I spent the afternoon hanging at the hostel before I ventured out in the cold to find some falafel. It was near freezing, so I didn't want to get falafel outside at a stand, but all the indoor places seemed to only sell kebabs. Yet I spent longer in the cold, looking for an indoor restaurant than if I had just eaten the outdoor falafel and been done with it. But no matter, I did finally find a lil restaurant spot for some falafel that was just fair but hit the spot. I chatted with the fellow who ran the place. He was a Kurd from Suli. I gushed over my love of Kurdistan, and we spoke of my work there. He had been a soldier in Saddam's army, and had fought against Iran but ultimately left because he didn't was to be part of it any longer. He was warm and friendly, it was an interaction that I needed. Love the Kurds, even if they make the worst falafel in the Middle East.

Saturday came, and with it a reprieve from the rain. On a cold, grey day I got a transit day pass and hoped the tram out to the Dokumentationscentrum Reichsparteitagsgelande,or Documentation Centre Nazi Party Rally Grounds. The museum, built into the Kongresshalle—a huge Nazi piece of stadium architecture that was never completed, was fascinating.  
It charted the Nazis rise in Germany, and the role of Nuremberg in the Nazi history. Nuremberg was where the Nazi Party held giant rallies in 1927 and 1929, and the annual Nazi Party rallies from 1931 to 1934. The rally grounds served to propagate the Nazi cult and demonstrate Nazi power and ability to mobilize the masses.

The museum discussed the designs on the grounds by Albert Speer—Hitler's favorite architect who would plan designs for other Nazi cities. It also went through the Nuremberg laws, and their application on minorities within the Reich.

Finally, it outlined Leni Riefenstahl'Triumph of the Will, the famous propaganda movie epic that showed Hitler's arrival to adoring masses in Nuremberg. Her film, which featured a film crews of more than 180 assistants and the finest camera, lighting and editing equipment at the time, was a propaganda piece like no other. It was shown all across Germany, in schools and public squares and helped cement the cult of the Fuhrer.

After touring the museum, I wandered the immense party rally grounds, Zeppelin Field and Zeppelintribune where Hitler would address the rallies.

After this, I hopped the metro over to a punctuation on the period: the Memorium Nuremberg Trials. The fascinating museum in the Nuremberg Palace of Justice explained the process of the war crimes tribunal in the context of international law.

The museum charted the history of international law, from the rise of the Geneva Conventions through the League of Nations and onto the Nuremberg trials against the Nazi top brass. Their trials, for crimes against peace and crimes against humanity, where held in Courtroom 600 in the building, which I got to see from above.

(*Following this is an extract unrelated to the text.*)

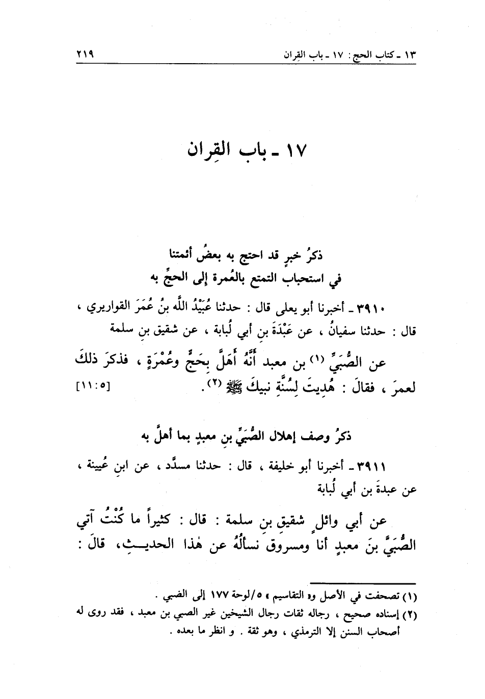 3911 - أَخْبَرَنَا أَبُو خَلِيفَةَ، قَالَ: حَدَّثَنَا مُسَدَّدٌ، عَنْ بن عُيَيْنَةَ، عَنْ عَبْدَةَ بْنِ أَبِي لُبَابَةَ عَنْ أَبِي وَائِلٍ شَقِيقِ بْنِ سَلَمَةَ قَالَ: كَثِيرًا مَا كُنْتُ آتِي الصُّبَيَّ بْنَ مَعْبَدٍ أَنَا ومسروق نسأله عن هذا الحديث، قال: ذِكْرُ وَصْفِ إِهْلَالِ الصُّبَيِّ بْنِ مَعْبَدٍ بِمَا أَهَلَّ بِهِ

The museum offered a thorough, if exhausting, understanding of the war crimes trials for the Nazi heads such as Goring, Ribbentrop and others. It explained the role of the tribunal, and the differences in the victors' desires to conduct justice (Stalin: take them out back and shoot them; Churchill: give a them a quick trial and shoot them; Roosevelt: give them a trial), and the roles of the different prosecutors from the British, American, French and Soviet sides.

The museum explained how those involved in the process went to long ends to make sure these were real trials, and not just “victor's justice.” Also, how the Nuremberg trials created a further system of international criminal justice.

In this regard, I just began East West Street by Phillipe Sands about the origins of "genocide" and "crimes against humanity" in regards to the Nuremberg trials.  It is fascinating, and worth a read.

Now, on to exploring through Weimar as the train there passes giant yellow castles on hilltops, and forests of evergreens in their first dusting of snow.